» Source data:
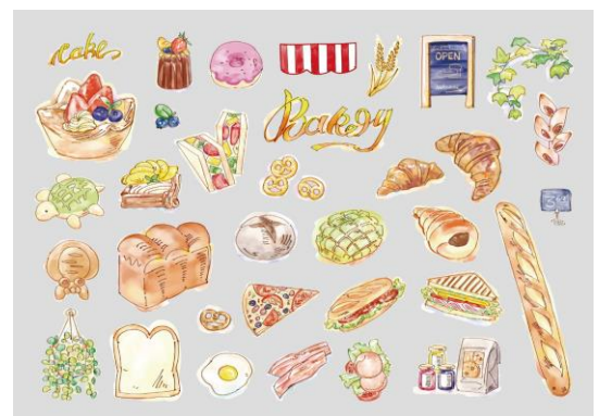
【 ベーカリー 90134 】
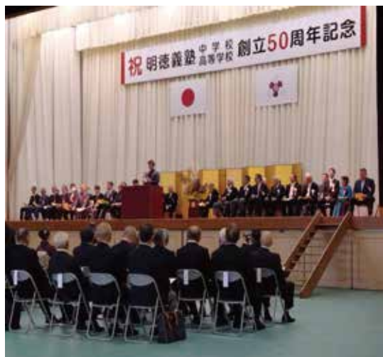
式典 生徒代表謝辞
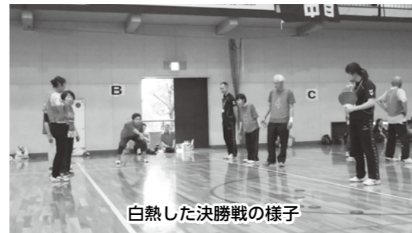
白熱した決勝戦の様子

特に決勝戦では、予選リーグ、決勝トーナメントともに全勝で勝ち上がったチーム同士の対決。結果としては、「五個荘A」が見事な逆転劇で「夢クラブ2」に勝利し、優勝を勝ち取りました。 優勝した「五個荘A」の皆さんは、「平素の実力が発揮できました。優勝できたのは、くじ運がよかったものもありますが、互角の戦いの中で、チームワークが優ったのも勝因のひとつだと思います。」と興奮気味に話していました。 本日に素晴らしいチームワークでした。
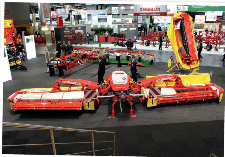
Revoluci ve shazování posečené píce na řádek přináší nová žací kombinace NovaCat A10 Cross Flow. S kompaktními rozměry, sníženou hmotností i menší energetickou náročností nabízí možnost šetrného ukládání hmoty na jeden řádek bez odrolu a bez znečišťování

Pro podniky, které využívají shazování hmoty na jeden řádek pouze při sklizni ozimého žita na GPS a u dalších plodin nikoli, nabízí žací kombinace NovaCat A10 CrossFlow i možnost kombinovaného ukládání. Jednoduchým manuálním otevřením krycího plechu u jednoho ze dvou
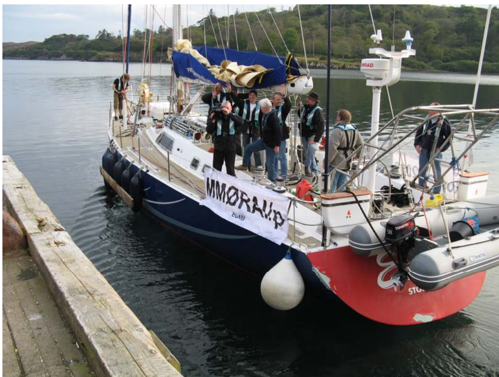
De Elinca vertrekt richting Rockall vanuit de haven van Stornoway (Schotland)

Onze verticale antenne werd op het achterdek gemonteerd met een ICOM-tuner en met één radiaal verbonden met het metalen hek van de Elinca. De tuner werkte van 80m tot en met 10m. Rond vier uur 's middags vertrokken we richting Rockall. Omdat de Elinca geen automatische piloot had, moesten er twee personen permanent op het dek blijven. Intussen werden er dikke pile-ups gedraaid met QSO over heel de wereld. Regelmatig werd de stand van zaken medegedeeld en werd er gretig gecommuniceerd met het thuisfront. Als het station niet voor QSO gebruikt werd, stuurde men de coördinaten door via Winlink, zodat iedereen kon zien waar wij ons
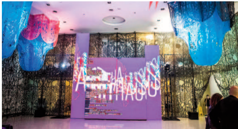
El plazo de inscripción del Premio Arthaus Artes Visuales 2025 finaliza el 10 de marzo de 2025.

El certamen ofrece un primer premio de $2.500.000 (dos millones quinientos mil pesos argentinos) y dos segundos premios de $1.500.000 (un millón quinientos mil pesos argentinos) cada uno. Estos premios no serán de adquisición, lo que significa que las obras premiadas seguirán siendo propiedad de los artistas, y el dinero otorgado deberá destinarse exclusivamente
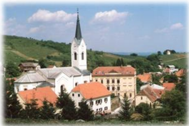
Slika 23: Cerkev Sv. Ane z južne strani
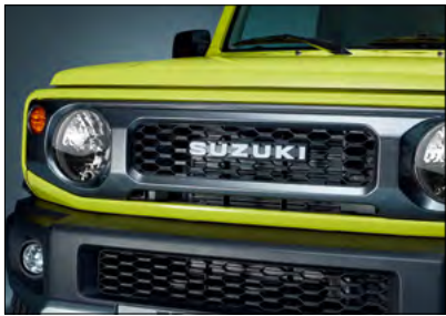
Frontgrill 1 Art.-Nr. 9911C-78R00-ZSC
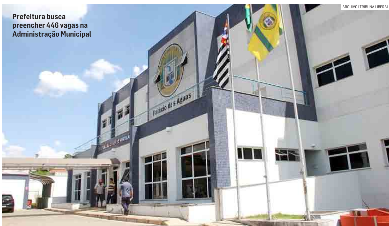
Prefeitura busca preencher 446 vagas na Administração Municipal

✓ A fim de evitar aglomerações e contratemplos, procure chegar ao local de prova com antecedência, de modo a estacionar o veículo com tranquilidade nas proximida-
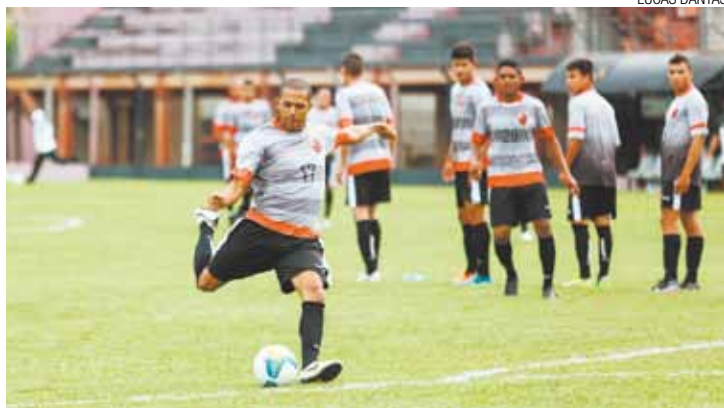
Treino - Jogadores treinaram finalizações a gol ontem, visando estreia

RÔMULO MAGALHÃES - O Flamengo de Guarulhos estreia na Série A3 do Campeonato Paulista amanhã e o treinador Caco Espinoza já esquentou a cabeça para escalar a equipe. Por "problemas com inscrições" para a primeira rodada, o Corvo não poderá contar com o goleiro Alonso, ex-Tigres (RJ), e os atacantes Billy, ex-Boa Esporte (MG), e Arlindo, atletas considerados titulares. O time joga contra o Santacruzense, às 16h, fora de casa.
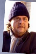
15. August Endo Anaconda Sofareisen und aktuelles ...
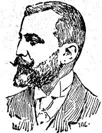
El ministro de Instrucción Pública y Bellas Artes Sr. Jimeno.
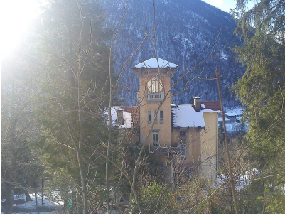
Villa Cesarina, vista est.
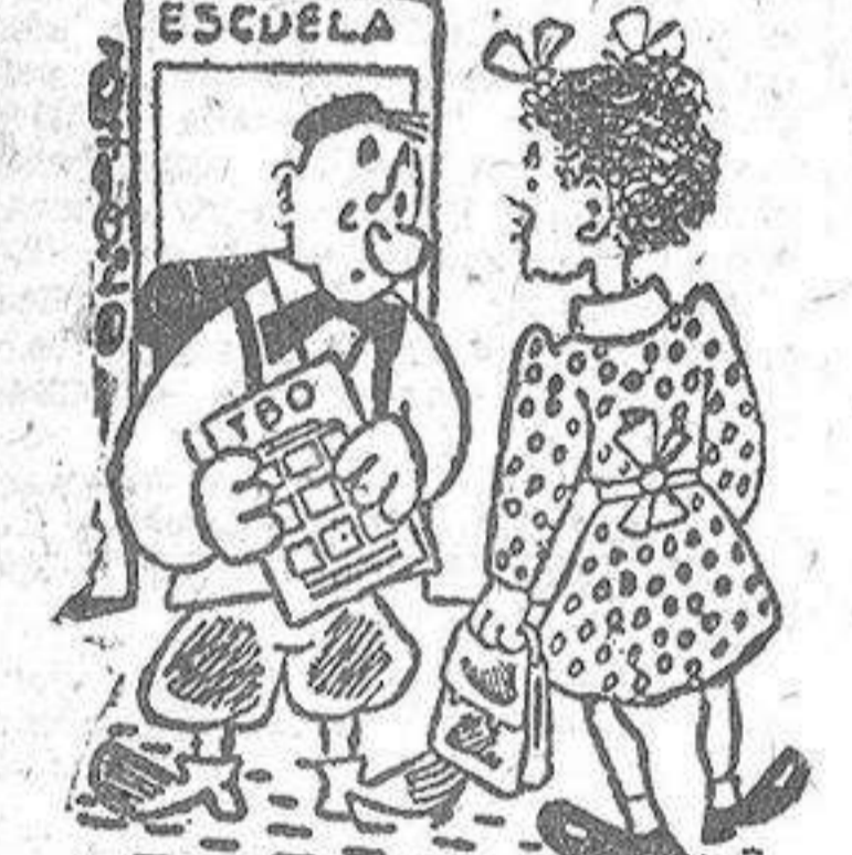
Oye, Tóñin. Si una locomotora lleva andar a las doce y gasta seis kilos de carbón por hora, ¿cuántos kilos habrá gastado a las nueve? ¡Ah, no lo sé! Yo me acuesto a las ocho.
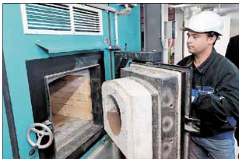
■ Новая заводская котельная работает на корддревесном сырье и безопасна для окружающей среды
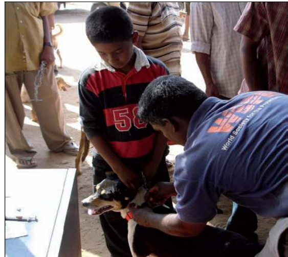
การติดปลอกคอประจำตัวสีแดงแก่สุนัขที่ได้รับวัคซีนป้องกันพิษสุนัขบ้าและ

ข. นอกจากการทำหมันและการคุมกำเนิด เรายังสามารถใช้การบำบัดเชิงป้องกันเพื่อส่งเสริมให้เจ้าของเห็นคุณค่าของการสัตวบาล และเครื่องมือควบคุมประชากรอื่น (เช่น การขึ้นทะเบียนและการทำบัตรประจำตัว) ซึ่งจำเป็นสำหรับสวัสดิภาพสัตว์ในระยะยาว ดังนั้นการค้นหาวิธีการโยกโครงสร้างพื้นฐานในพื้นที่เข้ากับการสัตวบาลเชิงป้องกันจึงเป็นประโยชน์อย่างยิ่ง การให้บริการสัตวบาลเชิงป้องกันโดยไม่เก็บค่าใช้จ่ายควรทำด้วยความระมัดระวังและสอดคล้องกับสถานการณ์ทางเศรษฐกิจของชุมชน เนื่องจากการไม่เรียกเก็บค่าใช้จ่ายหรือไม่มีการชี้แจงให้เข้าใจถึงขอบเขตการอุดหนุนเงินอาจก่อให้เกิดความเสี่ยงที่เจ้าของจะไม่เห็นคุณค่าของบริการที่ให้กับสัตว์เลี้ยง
* * *
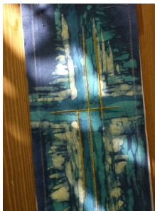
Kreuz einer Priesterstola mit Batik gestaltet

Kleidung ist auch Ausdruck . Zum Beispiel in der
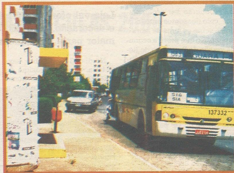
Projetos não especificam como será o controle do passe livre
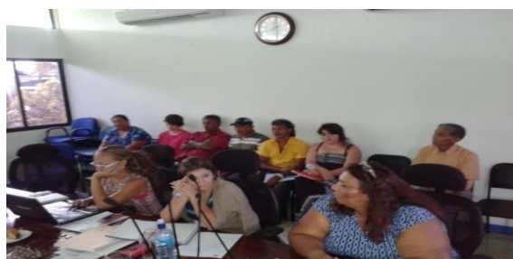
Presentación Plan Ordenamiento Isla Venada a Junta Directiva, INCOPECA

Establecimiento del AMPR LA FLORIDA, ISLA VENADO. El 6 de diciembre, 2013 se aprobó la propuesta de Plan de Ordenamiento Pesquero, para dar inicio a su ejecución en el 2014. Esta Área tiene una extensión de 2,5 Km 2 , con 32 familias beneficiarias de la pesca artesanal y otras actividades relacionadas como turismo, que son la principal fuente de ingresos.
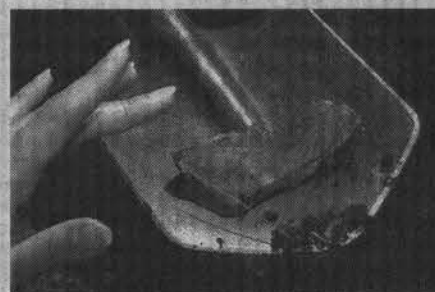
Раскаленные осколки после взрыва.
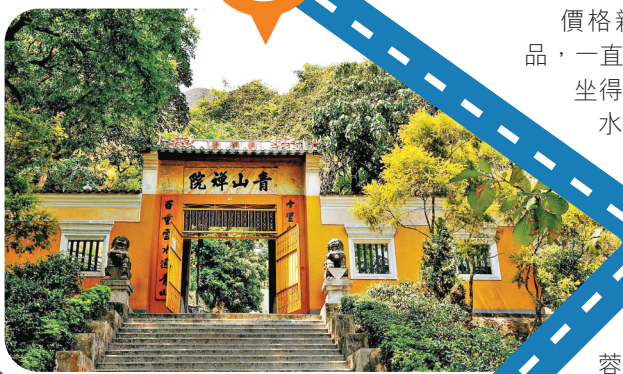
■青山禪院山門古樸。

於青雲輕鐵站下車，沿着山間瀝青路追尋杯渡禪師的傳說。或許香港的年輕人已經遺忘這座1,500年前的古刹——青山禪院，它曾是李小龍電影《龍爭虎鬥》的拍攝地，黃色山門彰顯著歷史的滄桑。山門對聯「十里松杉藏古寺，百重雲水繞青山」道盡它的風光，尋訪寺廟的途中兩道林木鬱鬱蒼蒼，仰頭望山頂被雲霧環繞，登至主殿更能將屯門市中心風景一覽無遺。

» Assignment: Nothing but the lines from the one with "Revoluci ve shazování" up to and including the one with "Onze verticale antenne" should be printed, exactly as they read above. Please keep the pictures out.

» Result of this task:
Revoluci ve shazování posečené píce na řádek přináší nová žací kombinace NovaCat A10 Cross Flow. S kompaktními rozměry, sníženou hmotností i menší energetickou náročností nabízí možnost šetrného ukládání hmoty na jeden řádek bez odrolu a bez znečišťování

Pro podniky, které využívají shazování hmoty na jeden řádek pouze při sklizni ozimého žita na GPS a u dalších plodin nikoli, nabízí žací kombinace NovaCat A10 CrossFlow i možnost kombinovaného ukládání. Jednoduchým manuálním otevřením krycího plechu u jednoho ze dvou
De Elinca vertrekt richting Rockall vanuit de haven van Stornoway (Schotland)

Onze verticale antenne werd op het achterdek gemonteerd met een ICOM-tuner en met één radiaal verbonden met het metalen hek van de Elinca. De tuner werkte van 80m tot en met 10m. Rond vier uur 's middags vertrokken we richting Rockall. Omdat de Elinca geen automatische piloot had, moesten er twee personen permanent op het dek blijven. Intussen werden er dikke pile-ups gedraaid met QSO over heel de wereld. Regelmatig werd de stand van zaken medegedeeld en werd er gretig gecommuniceerd met het thuisfront. Als het station niet voor QSO gebruikt werd, stuurde men de coördinaten door via Winlink, zodat iedereen kon zien waar wij ons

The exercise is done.